* WHAT THE TASK ASKS
All of the data goes into your copy exactly as written. Images do not.

* SUPPLIED DATA
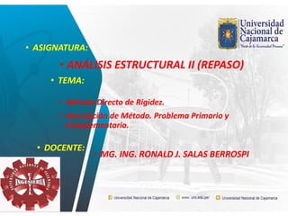 El documento describe el método directo de rigidez, detallando componentes fundamentales como ecuaciones de equilibrio, compatibilidad de movimientos y leyes de comportamiento estructural. Se presentan coeficientes de rigidez, sistemas de coordenadas, ensamblaje de matrices, y aplicaciones prácticas de cálculo de reacciones y esfuerzos en elementos estructurales. También se discuten pasos para calcular momentos y cortantes en estructuras, junto con ejemplos numéricos.
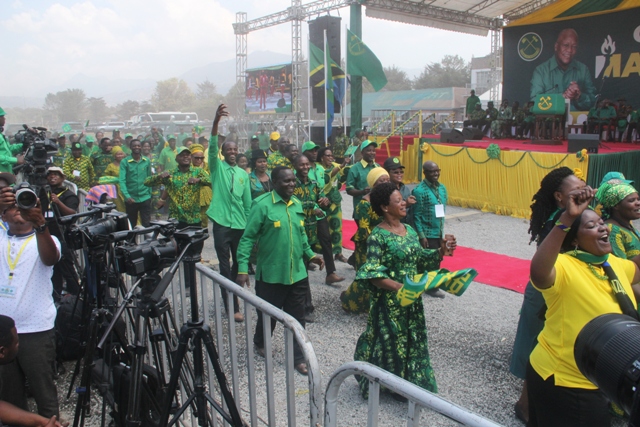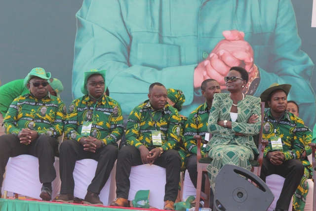 Baadhi ya wagombea ubunge wa mkoa wa Mbeya wakiongozwa na Dk. Tulia Ackson wakiwa wameketi jukwaa kuu.
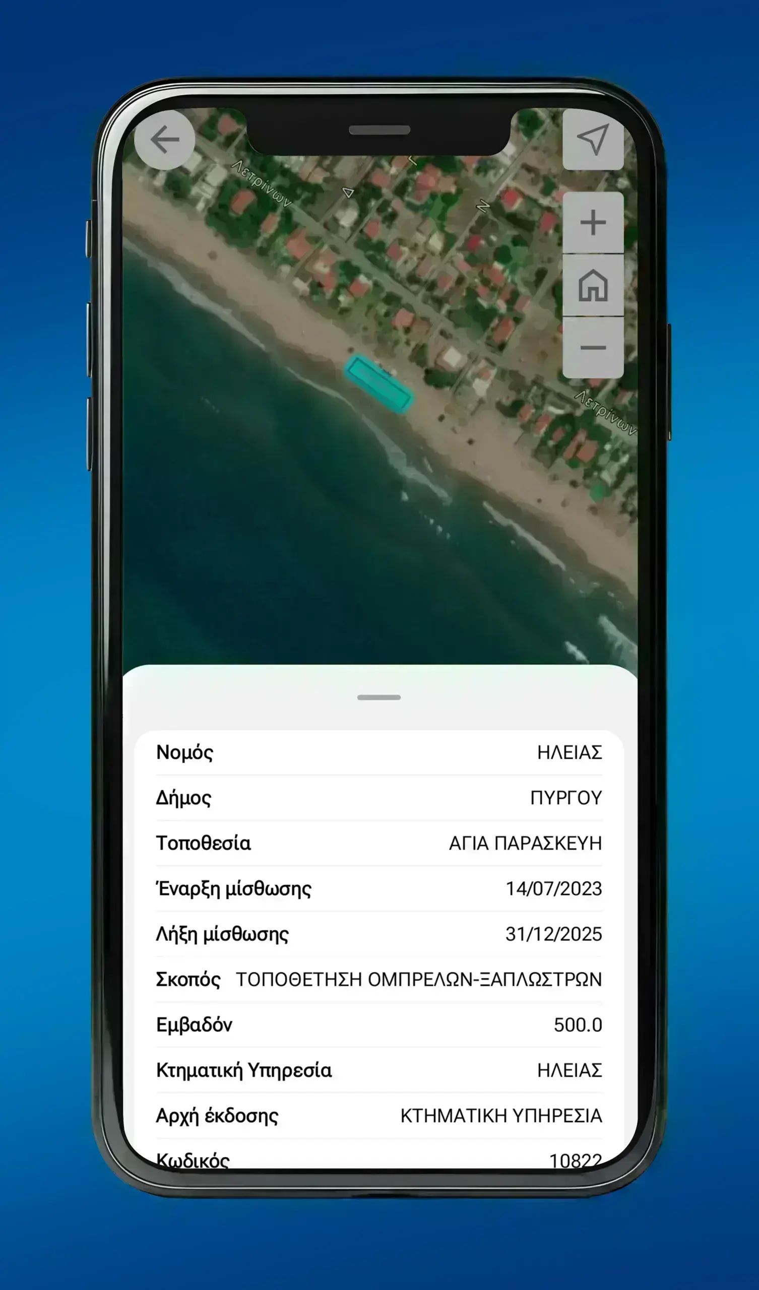 - Εντοπίζουν την περιοχή ενδιαφέροντος τους στο χάρτη και εμφανίζεται στην οθόνη της συσκευής τους το πολύγωνο της παραχώρησης.

* ANSWER SPACE
 El documento describe el método directo de rigidez, detallando componentes fundamentales como ecuaciones de equilibrio, compatibilidad de movimientos y leyes de comportamiento estructural. Se presentan coeficientes de rigidez, sistemas de coordenadas, ensamblaje de matrices, y aplicaciones prácticas de cálculo de reacciones y esfuerzos en elementos estructurales. También se discuten pasos para calcular momentos y cortantes en estructuras, junto con ejemplos numéricos.
 Baadhi ya wagombea ubunge wa mkoa wa Mbeya wakiongozwa na Dk. Tulia Ackson wakiwa wameketi jukwaa kuu.
 - Εντοπίζουν την περιοχή ενδιαφέροντος τους στο χάρτη και εμφανίζεται στην οθόνη της συσκευής τους το πολύγωνο της παραχώρησης.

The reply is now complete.